COVID-19, Microbiota, Immune system, Crohn’s disease, Schizophrenia
One of the most important symbiotic relationships in human beings involves the microbiota of the body, particularly in the intestinal tract. These benefits—and occasional negative effects—begin at the time of formation of the microbiota and continue until death. Many studies over the last century have shown the importance of the microbiota in humans, which begins forming in infancy and develops rapidly until the age of 2–3 years. During this period, the microbiota stabilises and forms the composition that will persist into adulthood1-2.

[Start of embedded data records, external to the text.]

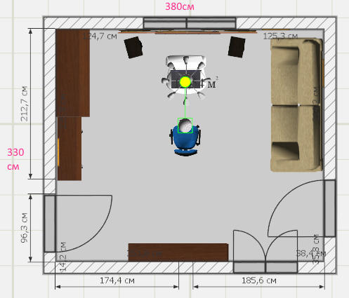 Вроде пробовал нечто подобное. Там же я в центре буду находится, а значит, баса не будет вообще. Поэтому перебрался дальше от фронтальной стены назад, чтобы бас появился. Грубо говоря, мониторы сейчас на 38% от фронт-стены, а я на 38% от задней. Ну ещё попробую.
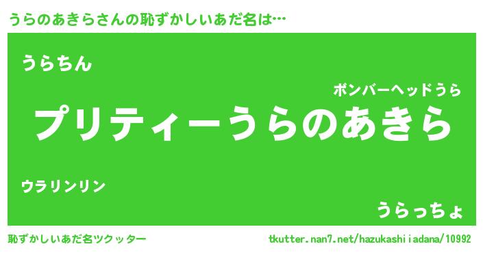 | ヒーロー風カッコイイあだ名 | 『スーパーウラノアキラ』『仮面ウラダー』 |
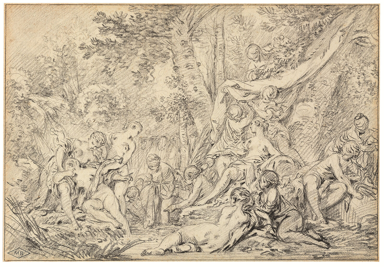 François Boucher, Diane et Callisto, 18th century, sketch in gray monochrome on canvas, 33 x 24 13/16 in. (84 x 63 cm), private collection, reproduced in Alexandre Ananoff and Daniel Wildenstein, François Boucher (Lausanne: Bibliothèque des Arts, 1976), no. 535, p. 1:204.
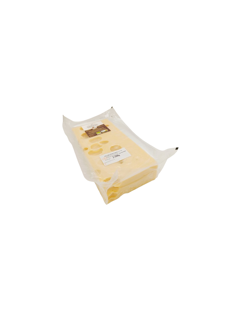 L'Emmental est un fromage à pâte pressée cuite fabriqué, selon la tradition, au lait cru de vache. Le lait, BIO, est collecté dans la région de la Franche–Comté. Après fabrication, les meules sont affinées 10 semaines minimum suivant les règles de l’affinage traditionnelles. Sa saveur est acidulée et très peu salée, avec un goût doux et une texture ferme tout en étant élastique et moelleuse. Son odeur est légèrement piquante au nez et fruitée.
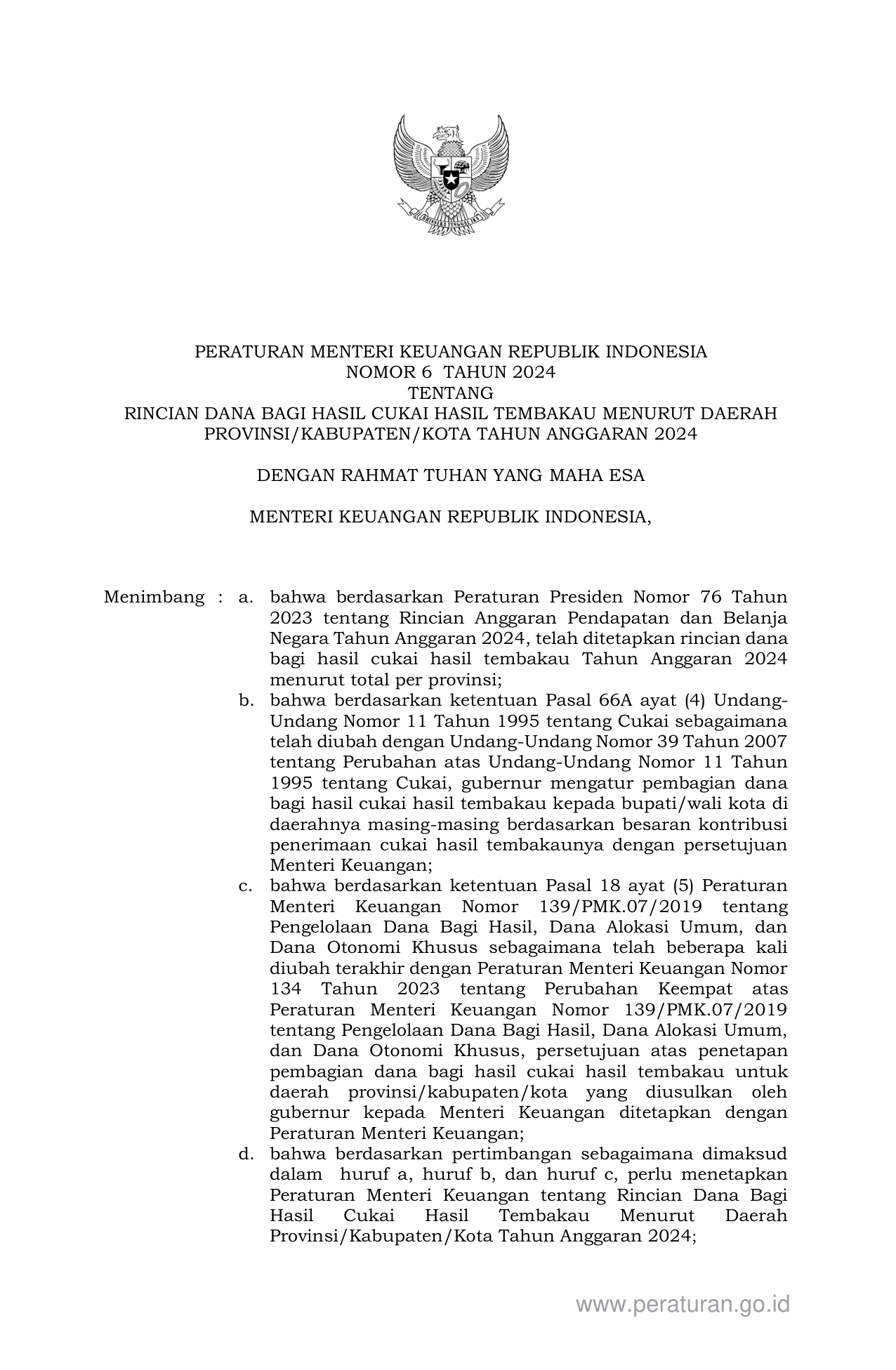 PERMEN Nomor 6 Tahun 2024 | Peraturan Menteri Nomor 6 Tahun 2024 tentang RINCIAN DANA BAGI HASIL CUKAI HASIL TEMBAKAU MENURUT DAERAH PROVINSI/KABUPATEN/KOTA TAHUN ANGGARAN 2024
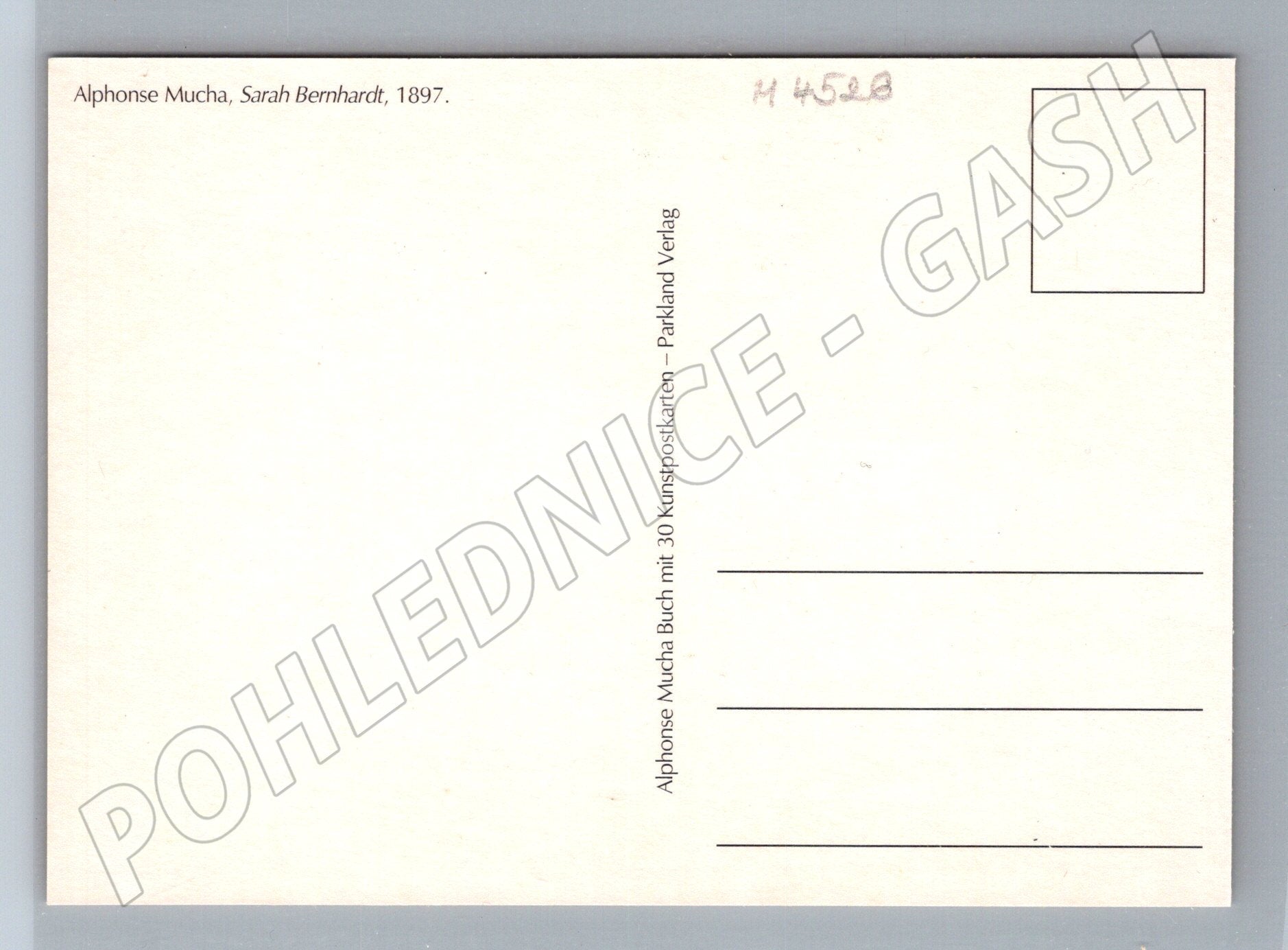 Krásná umělecká pohlednice se slavnou secesní grafikou od Alfonse Muchy s názvem Sarah Bernhardt z roku 1897. Přední strana zobrazuje portrét herečky Sarah Bernhardt s bohatě zdobenými ornamenty a květinami typickými pro Muchův styl. Zadní strana je neprošlá, určena pro odeslání. Vydavatel: Parkland Verlag. Velmi dekorativní pohlednice vhodná do sbírky secesního či uměleckého zaměření, sběratelům i milovníkům výtvarného umění.

The microbiota affects early development of the immune system and offers long-term benefits to human health by providing antigens and antibodies that strengthen immunity. It also affects the development of distal organs, thus impacting the human body at the systemic level3-5. Studies have shown that the microbiota is involved in immune responses to various pathologies, such as high blood pressure, diabetes, and psychological diseases6-10. For example, faecal microbiota transplants have shown promising results for treating chronic gastrointestinal diseases and autism spectrum disorders11-13. Other studies highlight the benefit of the microbiota in preventing or minimizing viral infections, including norovirus and coronaviruses14-16. In this review article, we discuss the importance of microbiota in treating, preventing, and reducing pathogenic disease, including viral diseases such as COVID-19.
Formation of Microbiota
Microbiota begin forming in utero, where the mother’s gut and placenta play critical roles17-18. Factors that influence this process include the type of delivery (e.g. vaginal or Caesarean), the mother’s lifestyle (e.g. diet and other habits) and health history (e.g. illness, antibacterial medications)19-23. The dominant bacterial forms in an embryo include Lactobacillus and Escherichia coli24. These microbes mostly colonize the gut of the foetus and can influence immunity and disease risk25.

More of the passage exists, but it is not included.